Goal of the exercise → From the entries below, retype only the lines from the one with "Το Διοικητικό Συμβούλιο" through the one with "产品面积段:建面约85㎡-175㎡高得房率奢阔三至五房 新规好宅", exactly as written.

Data to examine →
-- Opening Marker --

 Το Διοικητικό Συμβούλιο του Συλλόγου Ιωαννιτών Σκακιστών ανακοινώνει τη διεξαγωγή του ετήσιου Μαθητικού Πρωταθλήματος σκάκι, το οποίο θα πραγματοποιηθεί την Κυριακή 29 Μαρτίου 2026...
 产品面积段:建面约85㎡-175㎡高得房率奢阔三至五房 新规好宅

-- Closing Marker --
-- Opening Marker --

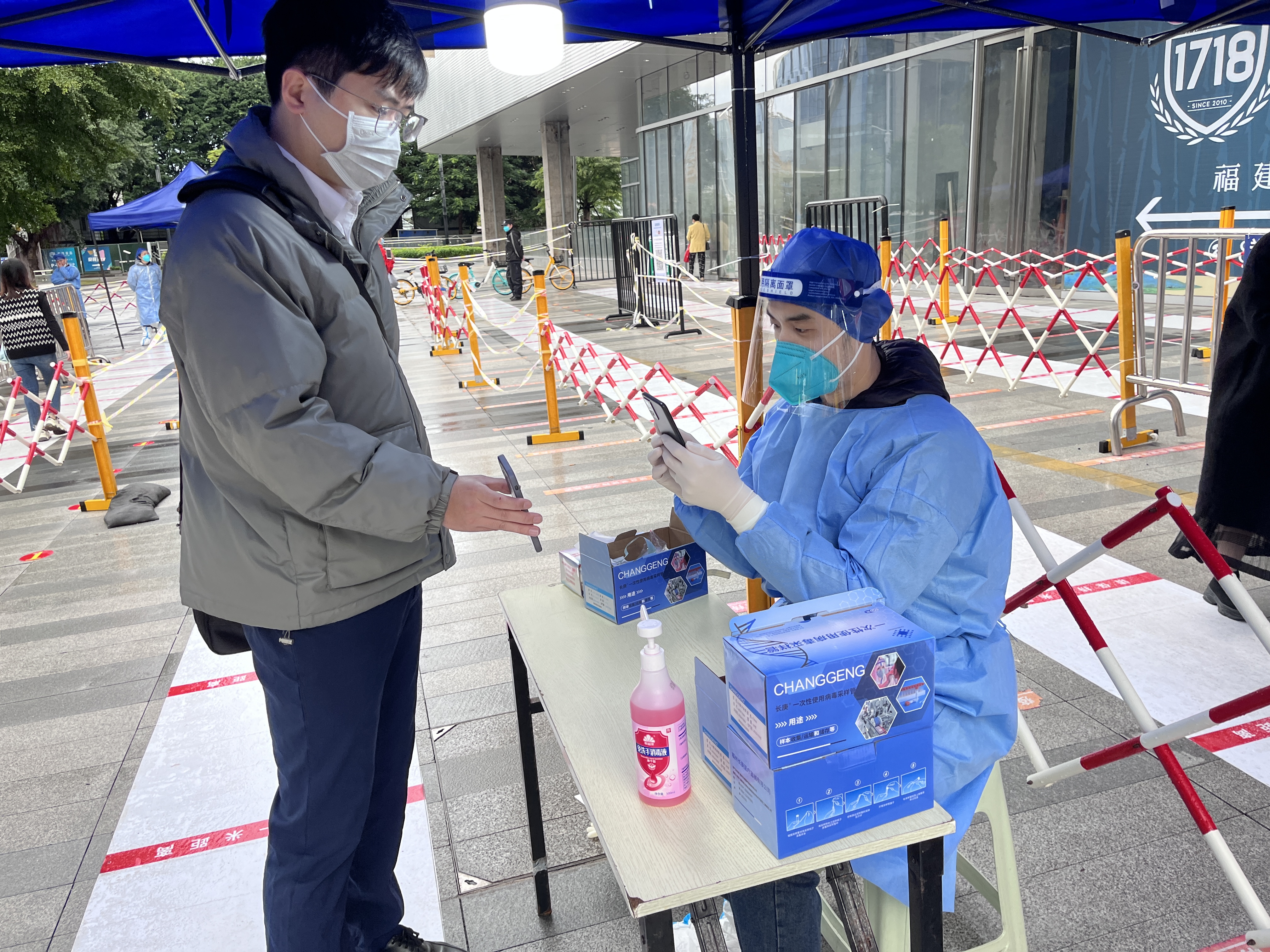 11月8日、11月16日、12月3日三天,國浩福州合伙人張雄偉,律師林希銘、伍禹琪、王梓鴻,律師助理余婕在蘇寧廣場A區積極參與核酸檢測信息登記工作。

-- Closing Marker --
-- Opening Marker --

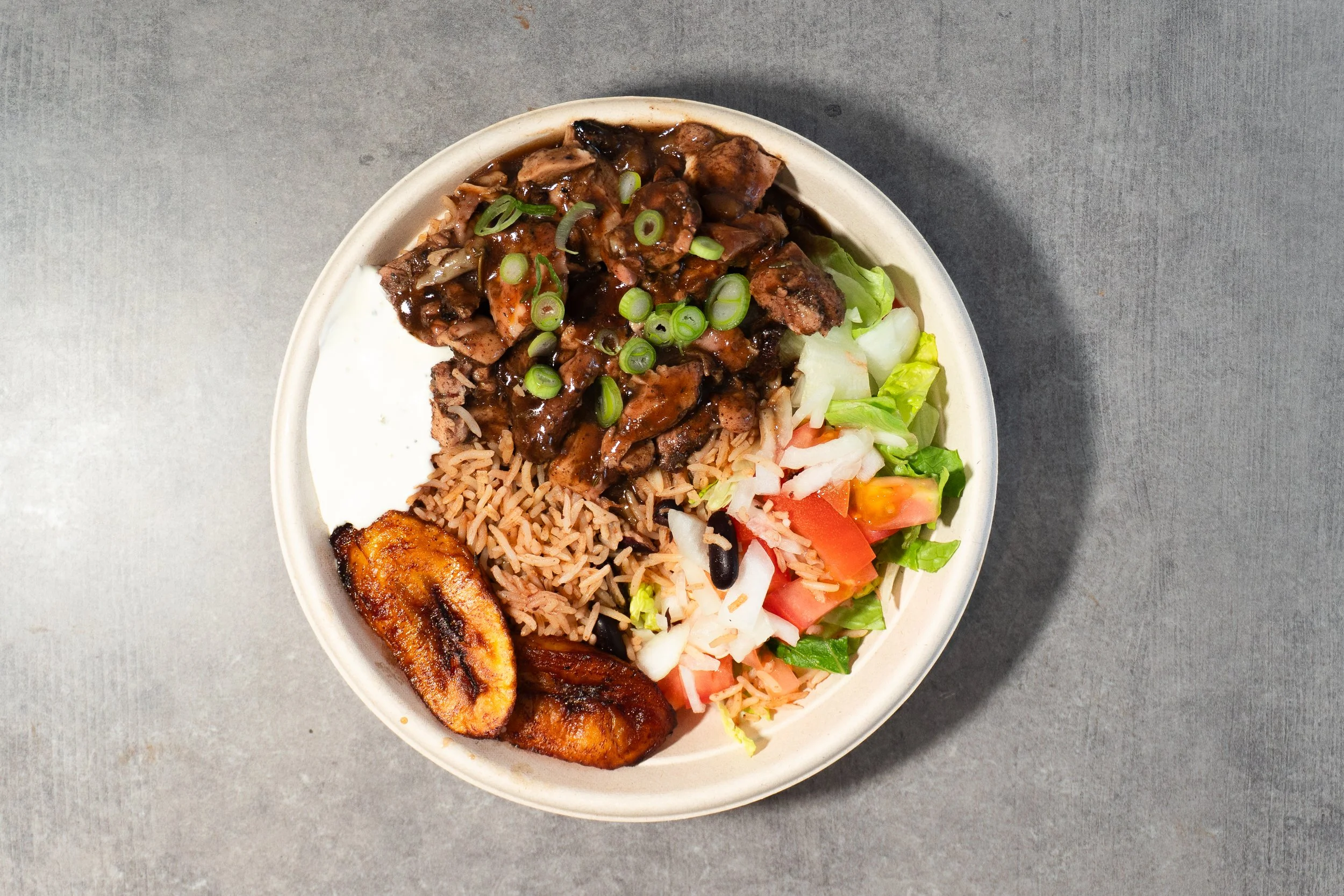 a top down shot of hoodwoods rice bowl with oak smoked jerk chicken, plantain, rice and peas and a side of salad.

-- Closing Marker --

Output below →
 Το Διοικητικό Συμβούλιο του Συλλόγου Ιωαννιτών Σκακιστών ανακοινώνει τη διεξαγωγή του ετήσιου Μαθητικού Πρωταθλήματος σκάκι, το οποίο θα πραγματοποιηθεί την Κυριακή 29 Μαρτίου 2026...
 产品面积段:建面约85㎡-175㎡高得房率奢阔三至五房 新规好宅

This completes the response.